Утром одна за другой стали отваливать на берег шлюпки. Хотя была безветренная погода, неизвестно откуда взявшаяся зыбь сильно раскачивала их. Временами из набегающих облаков сыпался мелкий дождик. Мы смотрели на приближающийся берег, а когда оборачивались, видели наше судно, которое с воды выглядело непривычно большим.
Высадились у небольшого причала в северной части набережной. Здесь нас уже ждали машины — современные легковые и многоместные допотопные с откидывающимся тентом. Выбираем старую вместительную колымагу. Водитель, пожилой худощавый человек с мрачным лицом, дожидается, когда все усядутся, и трогает. Он, очевидно, знает, что нужно показывать гостям, и везет, не задавая лишних вопросов. Миновав уютную набережную, мы через старинные ворота, украшенные гербом Ост-Индской компании, въезжаем в Джемстаун.
Город вытянулся вверх по узкой и прямой как стрела долине. Машина медленно катится по центральной улице Мейн-стрит, вдоль которой стоят одно- и двухэтажные домики, вполне городские по виду, с вывесками магазинов и учреждений. Все удивительно миниатюрно и декоративно; здается впечатление, что это вовсе не дома, а макеты, подготовленные для съемки какого-то приключенческого фильма.
Дорога покидает город и начинает взбираться по краю долины все выше. Теперь, оглядываясь назад, мы видим внизу пестрый ковер крыш и вдали темно-синюю воду, на которой наше судно выглядит игрушечным корабликом. Склоны долины сплошь заросли причудливой растительностью. Преобладают кактусы и алоэ. На самом деле, здесь большое разнообразие растений. Часть из них покрыта цветами, полураскрывшиеся бутоны которых ярко алеют среди мясистых зеленых стеблей, усеянных длинными острыми шипами. На прогалинах между колючими кустарниками проступает оранжевая, маслянистая после дождя тропическая почва.
Остров Святой Елены — одно из последних колониальных владений Великобритании. На дне глубокой долины, спускающейся к океану, расположился Джемстаун — единственный городок и столица.
Верхняя часть долины утопает в зеленых зарослях. Здесь много экзотических для нас цветущих растений — бугенвилеи, красные и белые олеандры. Среди тенистых деревьев виднеются аккуратные коттеджи. Сплетение антенн выдает здание радиоцентра. Рядом — светлое с зеленой окантовкой двухэтажное здание, во дворе которого снуют, как рыбки в аквариуме, маленькие человечки, — это несомненно школа.

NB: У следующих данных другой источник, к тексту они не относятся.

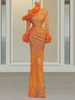 LORIE 2021 Vestidos de Noche de lentejuelas, naranja, manga larga, con plumas, para fiesta de graduación, longitud hasta el suelo, de celebridades, talla grande

По мере того как мы удаляемся от берега, растительность становится все более пышной. Чарлз Дарвин упомянул в своем дневнике, что на Святой Елене найдено 746 видов растений, но из них только 52 — местные. Основная же часть ввезена сюда главным образом из Англии. Причем многие растения почувствовали себя на острове гораздо вольготнее, чем на родине, и потеснили местную флору. Холмы с насаждениями шотландских сосен, кусты дрока, плакучие ивы по берегам ручьев, живые изгороди из кустов ежевики — все это напомнило побывавшему здесь в 1836 году Ч. Дарвину пейзаж Уэльса. А ведь на первый взгляд, что может быть общего между крохотным вулканическим островом в тропиках и «туманным Альбионом»?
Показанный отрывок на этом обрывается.